A great many of the young objectors could not qualify as members of these pacifist churches. Even those who did qualify were required to take some form of prescribed noncombatant service. No systematic provision was made for such service until almost a year of war had passed. The result was confusion, rough handling of conscientious objectors and excessive court-martial sentences. One of the worst incidents concerned a small group of religious objectors called Molokani, who had settled in Arizona during President Grant's Administration, on his assurance that there would not be peacetime conscription in the United States. When the War came, their young men refused to register and, under the law, served about a year in prison. They were model prisoners in civil prisons, but then they were compulsorily registered and drafted into the Army. They again refused service and were sentenced for very long terms to Fort Leavenworth Military Prison. Here they refused to work, because the commandant of the prison was a colonel and his orders were military orders. Even the armistice made no difference. Under military law not of his making, the colonel sent the young men to dark, solitary cells, where they were manacled to the bars in a standing position during the period when the other men worked. My brother, Evan W. Thomas, was not a Molokani, but he, too, refused to work and was among this manacled group. Fortunately, he managed to get a message to me. To my shocked surprise, one of the clergy to whom I appealed, a leader in the Church Peace Union, said the men were traitors and deserved no sympathy. The onetime liberal Newton D. Baker, Secretary of War, denied that there was any such punishment in an American military prison. It was only after I got Don Seitz of the New York. World to send a crack reporter to Leavenworth that the truth was revealed. Armed with this evidence and with the belated support of liberals, the Reverend John Nevin Sayre, related to President Wilson by marriage, managed to reach the President, who ordered the end of such punishments. My brother was released on a technicality and the others were transferred to another prison and not too long thereafter were freed. I do not know of similar brutality directed against conscientious objectors to later wars, after the shooting had stopped.
It is estimated that during World War One, some 170,000 managed to evade the draft altogether by flight to Mexico or by obtaining false medical certificates or safe, exempt jobs. But these were not crusaders for peace. That role was far better filled by some 4000 objectors. The conscription law and its enforcement were very confused, but in the end, there were about 1200 who accepted civilian substitutes, such as farm furloughs: and 99 took work with the Friends' Reconstruction Unit. About 500 absolutists were court-martialed and sent to military prisons for long terms--25 years or even life. There were cases where the original sentence was death. After the War, Presidential clemency reduced these long sentences rather capriciously. The last of the objectors was not released until 1933, long after objectors in foreign countries had been released.

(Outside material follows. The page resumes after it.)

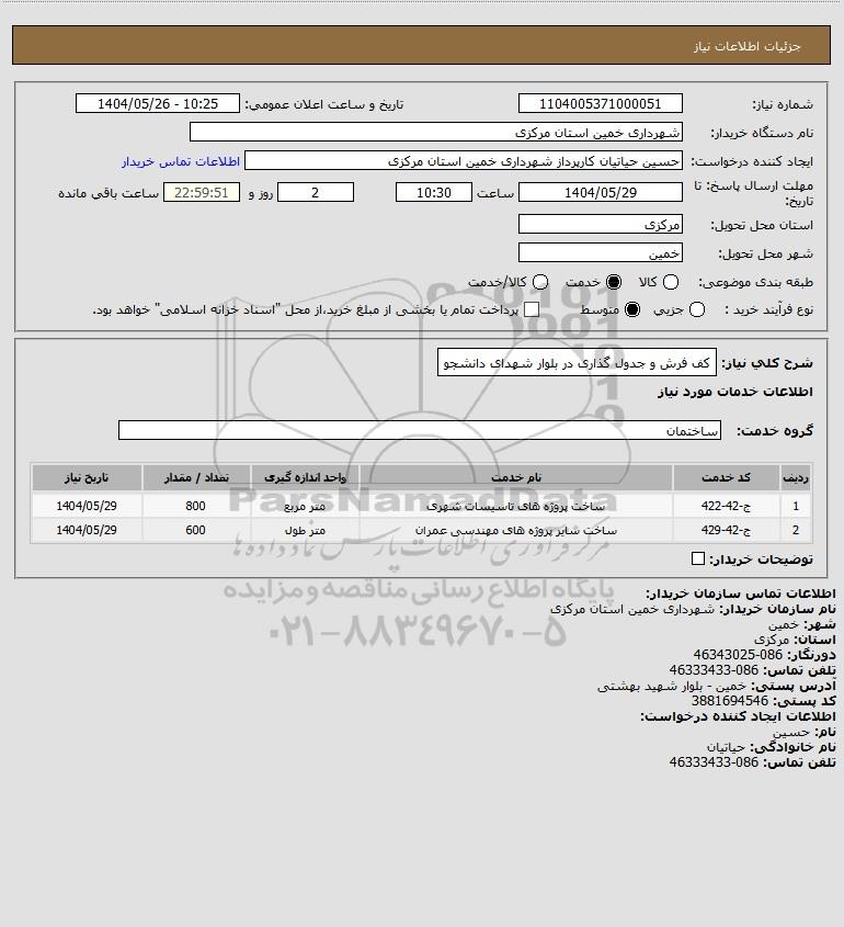 شرح کلی نیاز: کف فرش و جدول گذاری در بلوار شهدای دانشجو

Conscientious objectors were not the only sufferers. Civil liberties were pretty well shot to hell under the "liberal" President Wilson. Mobs of "patriotic" citizens went even further than the President. Ray Abrams, in Preachers Present Arms, tells a melancholy tale of the wholesale expulsion of pacifist preachers from their pulpits. Very few survived. At the end of the War, there were some 1000 political prisoners still in jail, guilty of nothing except their exercise of rights that were supposedly guaranteed by the First Amendment. The best known, of course, was Eugene Debs, the Socialist who polled about 1,000,000 voles as a candidate for President while he was a prisoner in Atlanta.
I shall never forget the joy with which I greeted the armistice that finally ended the brutal War of mud and trenches in Europe. It was a joy very commonly shared by the world. But the War did not give us wisdom, as I had hoped, to guard against the recurrence of organized murder in the name of our nation or our political creed. At first, there was widespread hope in peace circles for President Wilson's plan for a League of Nations. What came out of the Versailles Conference by way of a treaty and the plan for the League of Nations was a great disappointment to pacifists, as well as to radicals. We believed that the treaty--which, to be sure, might have been worse--contained the seeds of another world war. How far this opposition should go divided radicals and pacifists, but many swung over to unenthusiastic support of the League during the Harding and Coolidge Administrations. As the Socialist candidate for President in 1928 and 1932. I favored joining the League on condition of some reservations (which could easily have been obtained) to prevent it from dragging us into a new war. We held this position as late as 1932, when President Roosevelt ended any talk of joining the League.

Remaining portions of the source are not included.